◆ Your instructions ◆
All lines from the one that has "Пластмассовые направляющие стекол" onward to the end of the records below are to be returned exactly; pictures are to be skipped.

◆ Data extract ◆
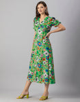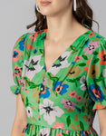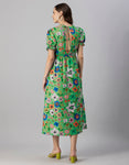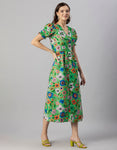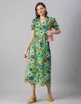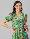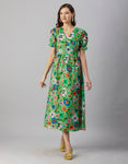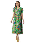Tags: Printed Dress For Women, V-Neck Midi Dress, Puffed Sleeves Dress For Women, Resort Wear, Vacation Dress, Midi Dresses For Women, Western Dress, Front Slit Dresses For Women, Calf Length Dresses
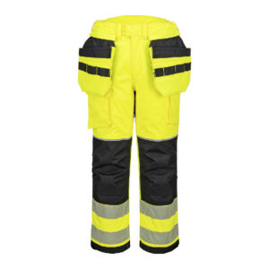 Зимние штаны сварщика повышенной видимости PORTWEST FR427 Modaflame. Зимние штаны с огнестойкими свойствами (flame resistant) защищают от дождя, химических веществ и электрических дуг, что делает их идеальными для рабочих условий, где могут возникать различные опасности. Двухцветные штаны повышенной видимости стильные и практичные. Рабочие штаны имеют съёмные навесные карманы и двухуровневые карманы для наколенников. Длина штанин может быть увеличена.
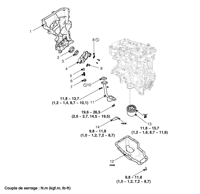 9. Уплотнительное кольцо (сторона нагнетания) 10. Прокладка масляного фильтра. 11. Масляный фильтр 12. Масляный поддон 13. Масляный фильтр 14. ОПС (датчик давления масла) |
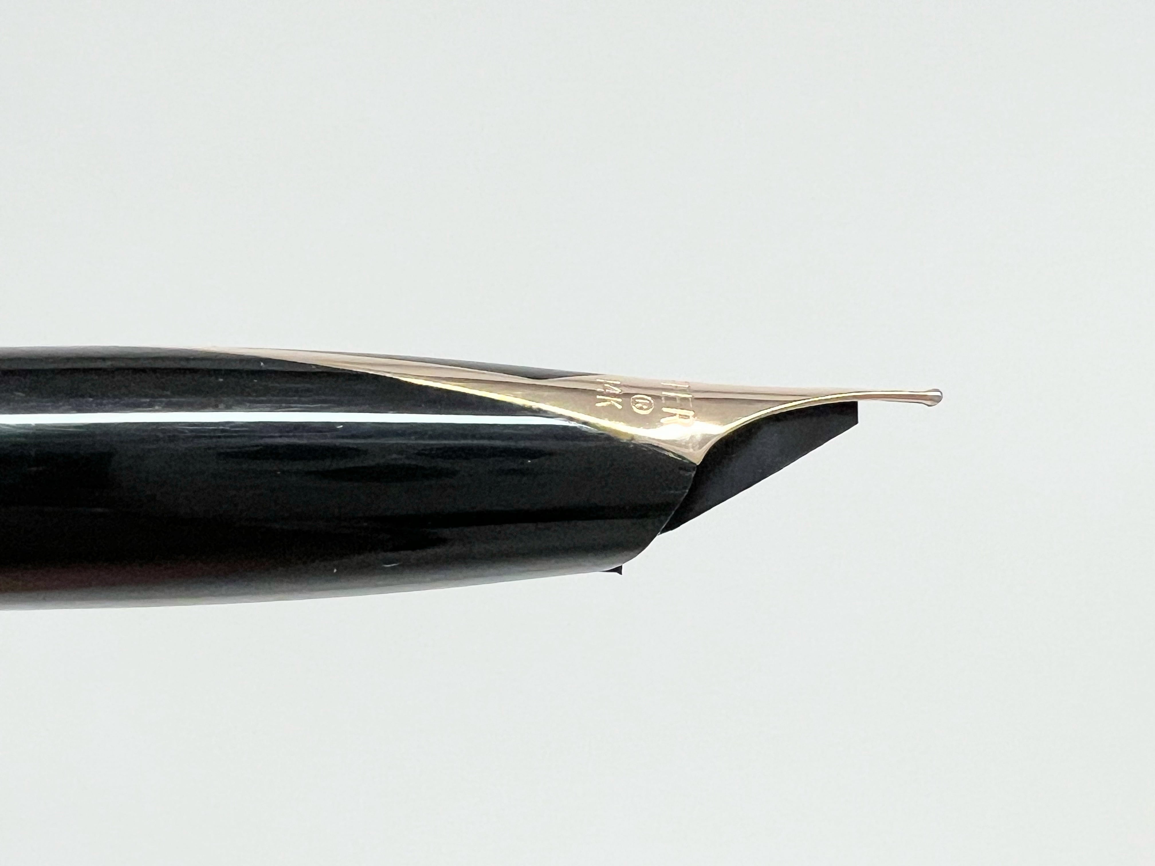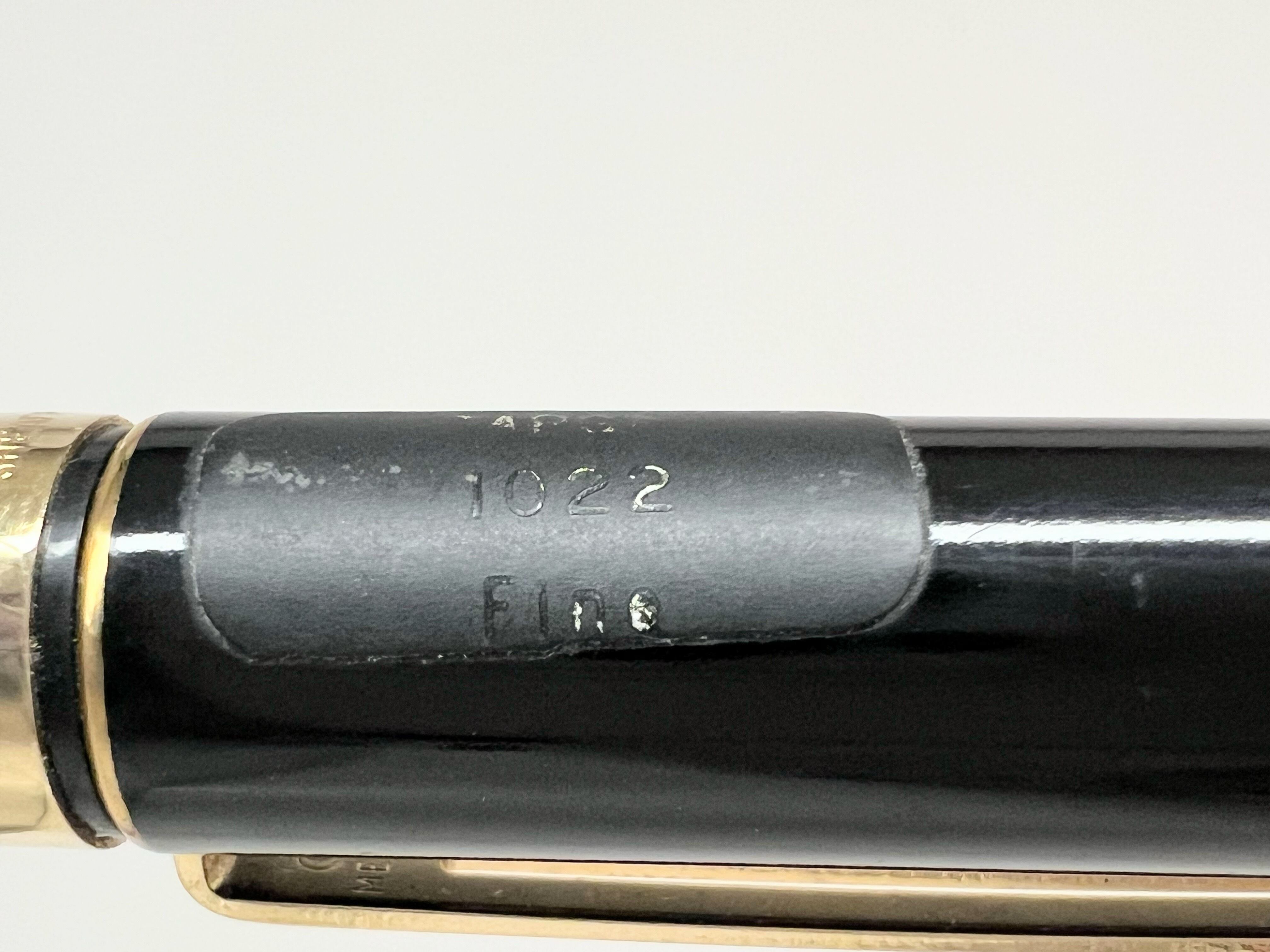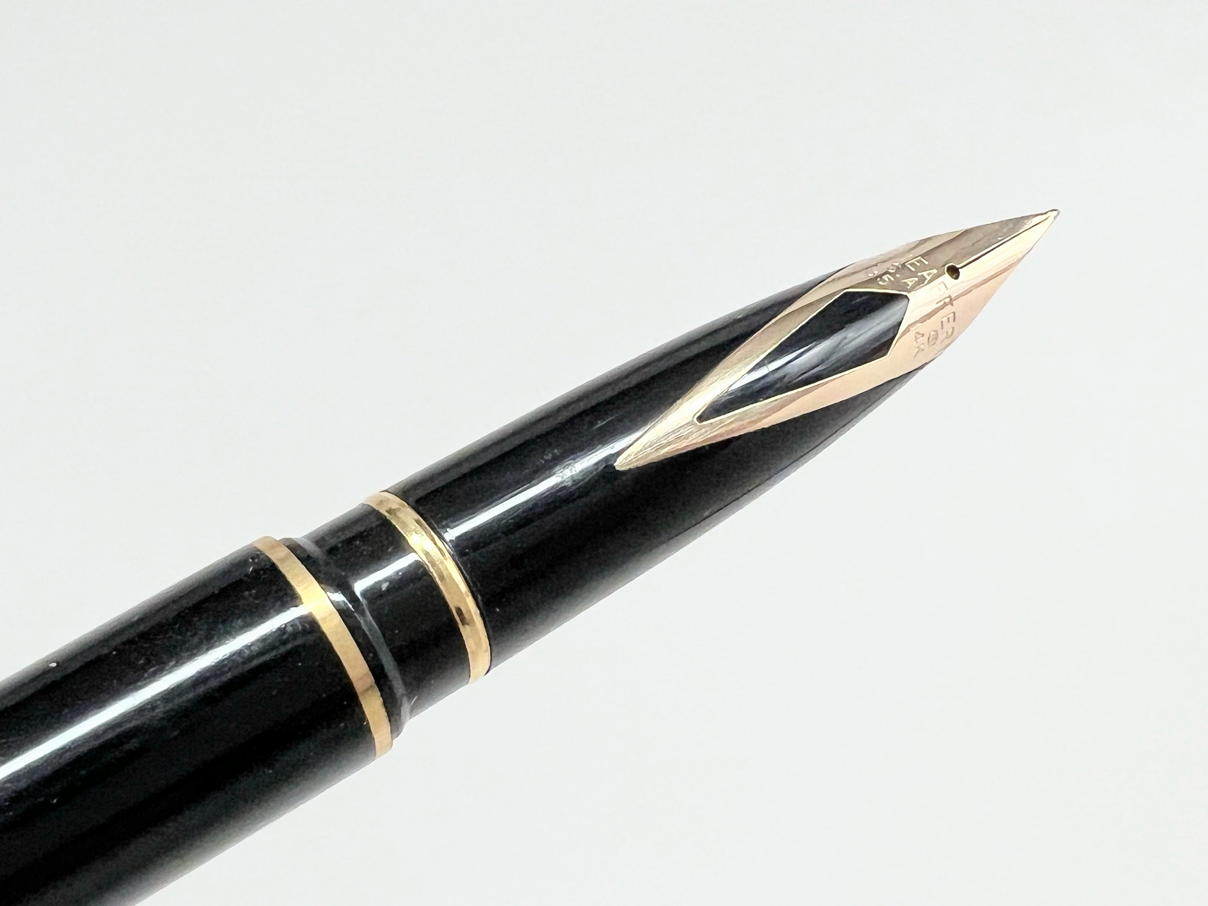 中古品 オーバーホール済み ペン先調整済み 字幅:ペン先表記「F」 細字 インク:カートリッジ式 コンバータ式 軸の使用感:使用回数少ない 付属品:カートリッジ1本(ブルー) 万年筆診断書 ========== 1980年製造 生産終了品 ペン先14金(ペン先表記「14K」) U.S.A. 「TARGA 1022 FINE」 軸色:黒
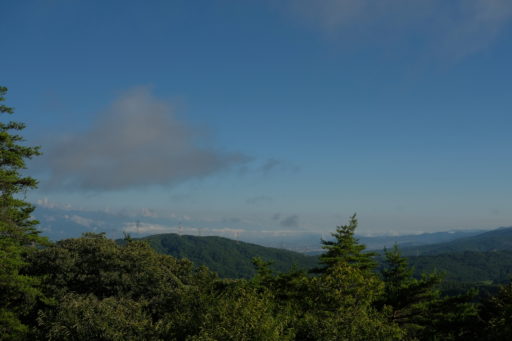 三沢峠/小野峠で舗装路へ出てすぐ左手の砂利道に折れると、道は枝垂栗の展望台に続く。櫓の上で休憩しつつ朝の信州をひとしきり見渡す。さて再出発、というところに一台の車が現れ、三頭の犬を連れた方が散歩に降りてきた。短い交流と情報交換の後、自分は辰野方面へ。
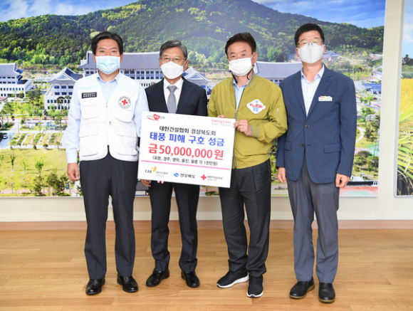 | 대한건설협회 경북도회가 28일 도청에서 태풍(마이삭, 하이선)으로 어려움을 겪고 있는 피해지역 도민들을 지원하기 위해 성금 5천만원을 대한적십자사경북지사에 기탁하는 행사를 가졌다.
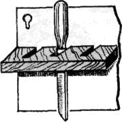 Пластмассовые направляющие стекол в шкафах и сервантах со временем высыхают, укорачиваются в тех местах, где они прибиты гвоздями. Чтобы предупредить эту неприятность, надо в местах крепления сделать продольные прорези, компенсирующие перемещение направляющих.
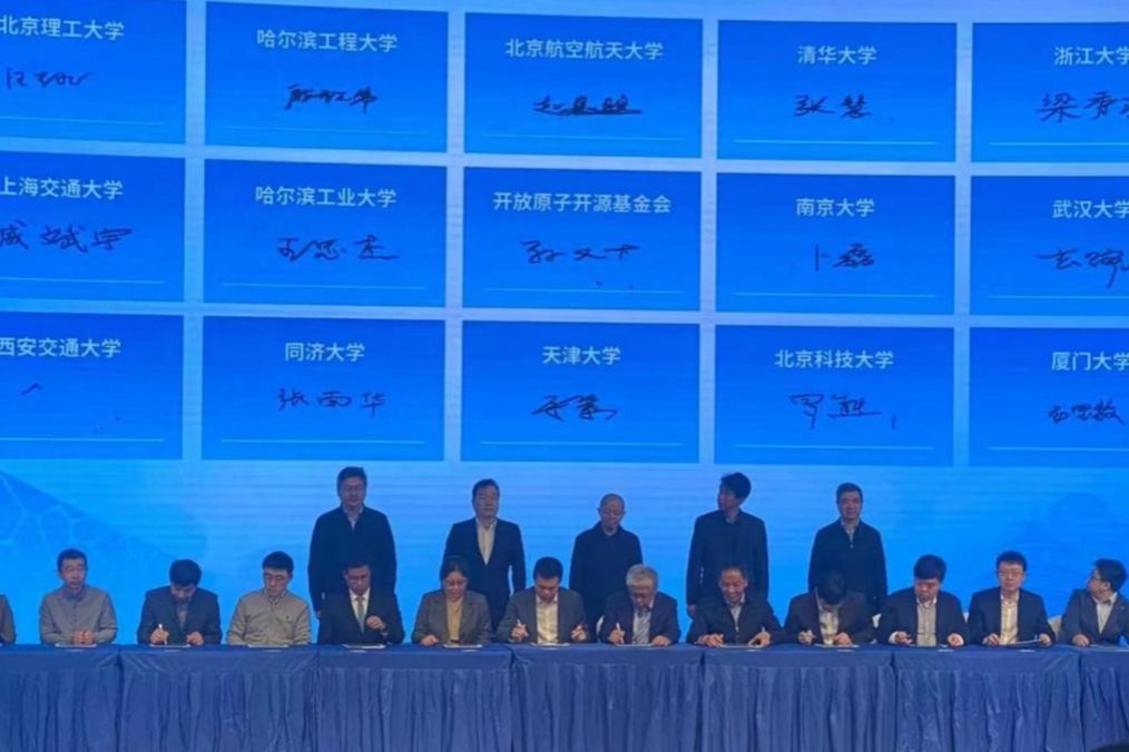 学校与开放原子开源基金会签署合作协议,计算机学院院长蔡成涛参加“开放原子开源社团”授牌仪式。
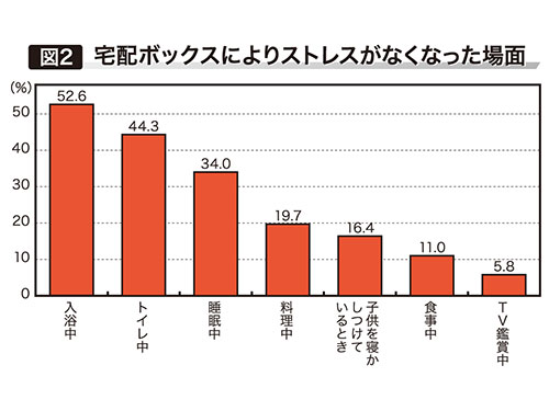 ストレスが軽減した場面としては「入浴中」や「トイレ中」が上位を占めた(図2参照)。被験者からは「ちょっとした外出の際や、入浴、就寝中も安心できた」(30代女性会社員)といった意見が上がった。配達を待つ在宅中の行動が制限されているケースも多いようだ。

◆ Response below ◆
 Пластмассовые направляющие стекол в шкафах и сервантах со временем высыхают, укорачиваются в тех местах, где они прибиты гвоздями. Чтобы предупредить эту неприятность, надо в местах крепления сделать продольные прорези, компенсирующие перемещение направляющих.
 学校与开放原子开源基金会签署合作协议,计算机学院院长蔡成涛参加“开放原子开源社团”授牌仪式。
 ストレスが軽減した場面としては「入浴中」や「トイレ中」が上位を占めた(図2参照)。被験者からは「ちょっとした外出の際や、入浴、就寝中も安心できた」(30代女性会社員)といった意見が上がった。配達を待つ在宅中の行動が制限されているケースも多いようだ。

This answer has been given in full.